EXERCISE DETAILS
Every line from the line containing "- Convenient Power" through the end of the data is to be reproduced exactly, excluding pictures.

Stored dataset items
====

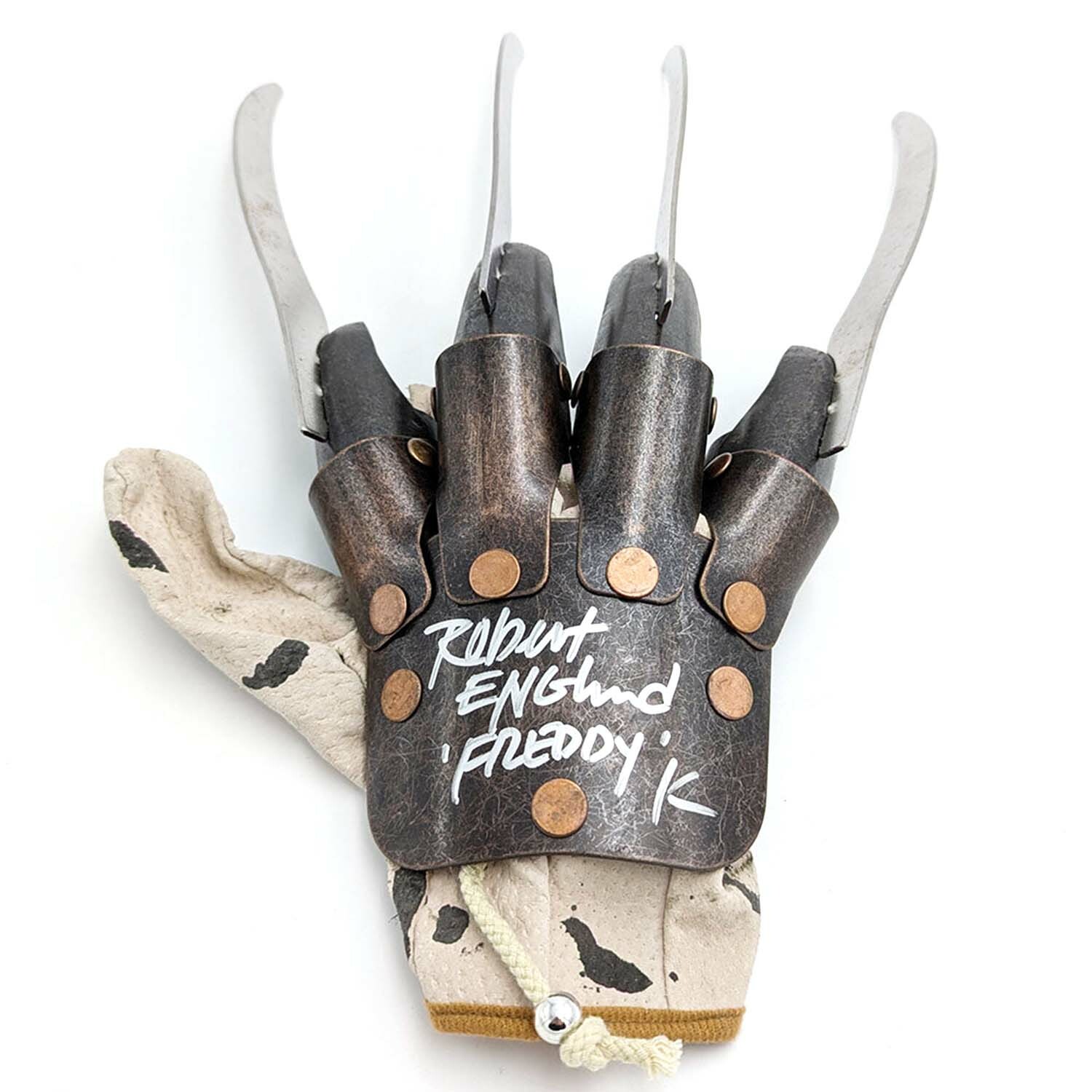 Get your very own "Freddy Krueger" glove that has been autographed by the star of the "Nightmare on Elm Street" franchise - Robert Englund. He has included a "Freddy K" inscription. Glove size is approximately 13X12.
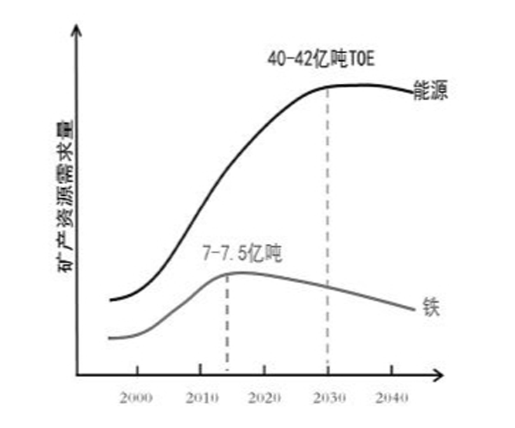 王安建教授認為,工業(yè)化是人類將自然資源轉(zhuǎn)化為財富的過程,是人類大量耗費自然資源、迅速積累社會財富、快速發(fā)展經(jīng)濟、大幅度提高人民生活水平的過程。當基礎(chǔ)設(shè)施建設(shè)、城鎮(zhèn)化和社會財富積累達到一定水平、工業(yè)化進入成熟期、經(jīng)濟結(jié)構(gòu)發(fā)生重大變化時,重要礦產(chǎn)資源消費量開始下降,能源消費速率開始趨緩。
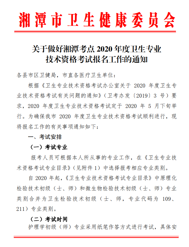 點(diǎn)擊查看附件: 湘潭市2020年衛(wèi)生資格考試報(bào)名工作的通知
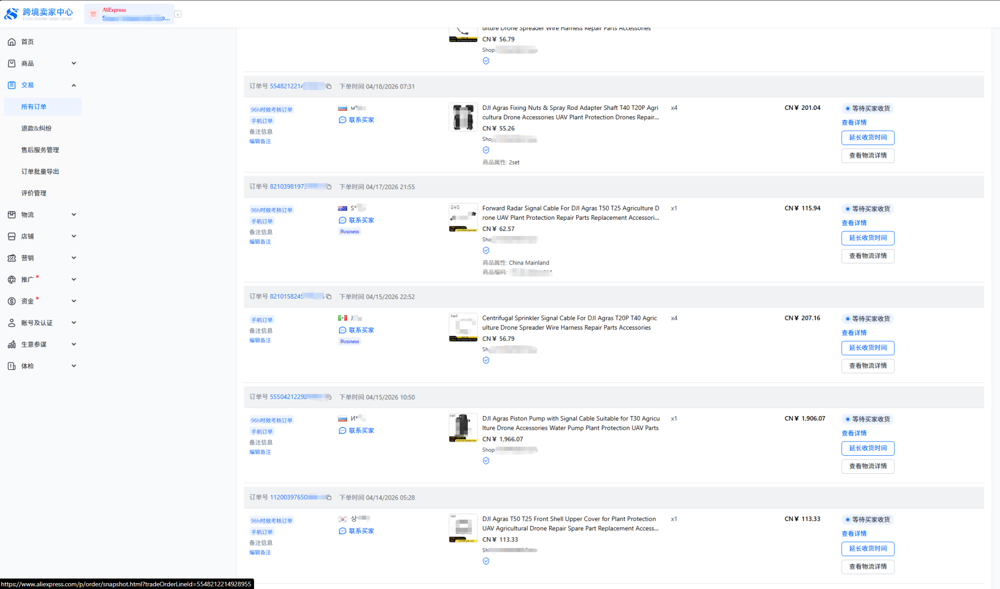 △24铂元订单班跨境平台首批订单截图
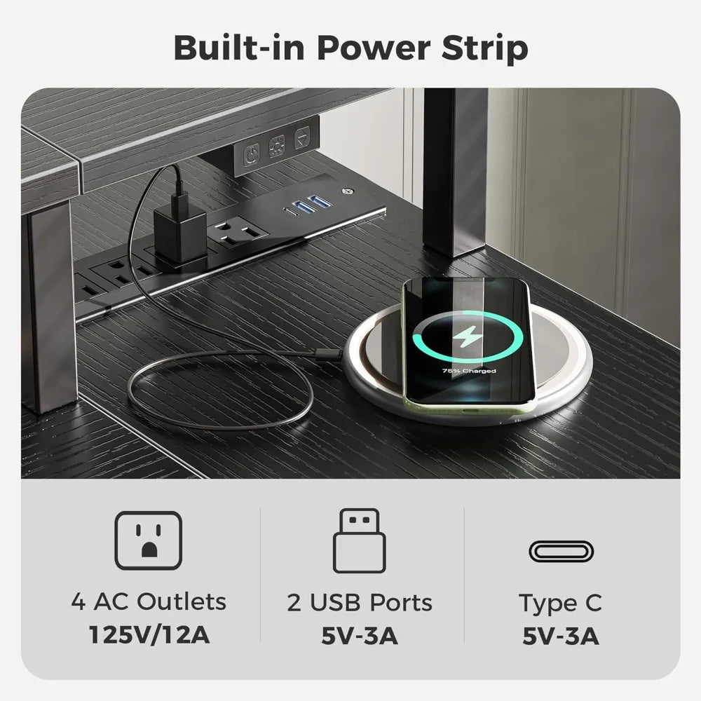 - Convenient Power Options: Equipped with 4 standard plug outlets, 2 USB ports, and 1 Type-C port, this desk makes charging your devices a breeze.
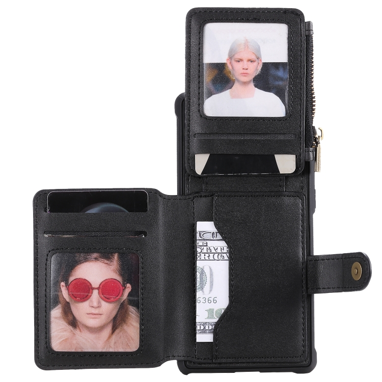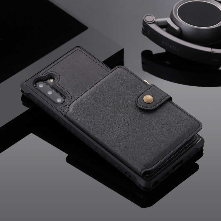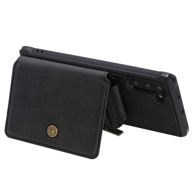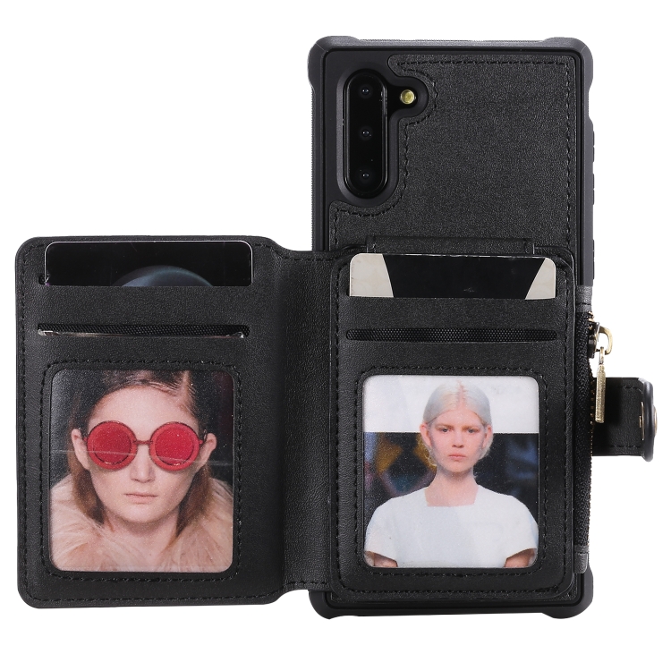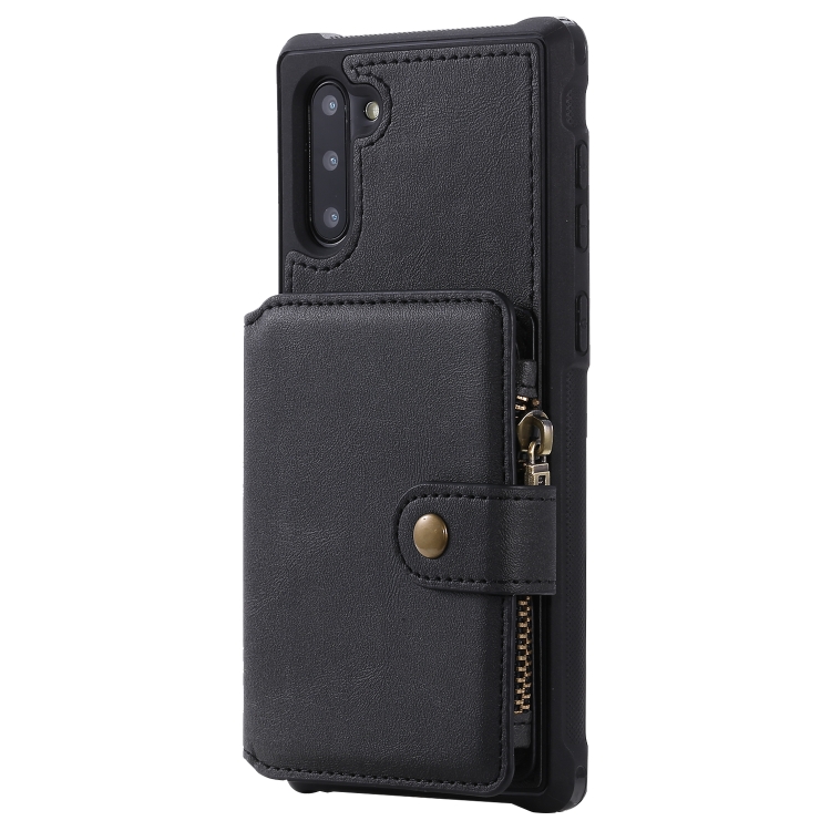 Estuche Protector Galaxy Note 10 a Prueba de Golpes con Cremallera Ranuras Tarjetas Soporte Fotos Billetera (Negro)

====

REPLY TO THE TASK
 - Convenient Power Options: Equipped with 4 standard plug outlets, 2 USB ports, and 1 Type-C port, this desk makes charging your devices a breeze.
 Estuche Protector Galaxy Note 10 a Prueba de Golpes con Cremallera Ranuras Tarjetas Soporte Fotos Billetera (Negro)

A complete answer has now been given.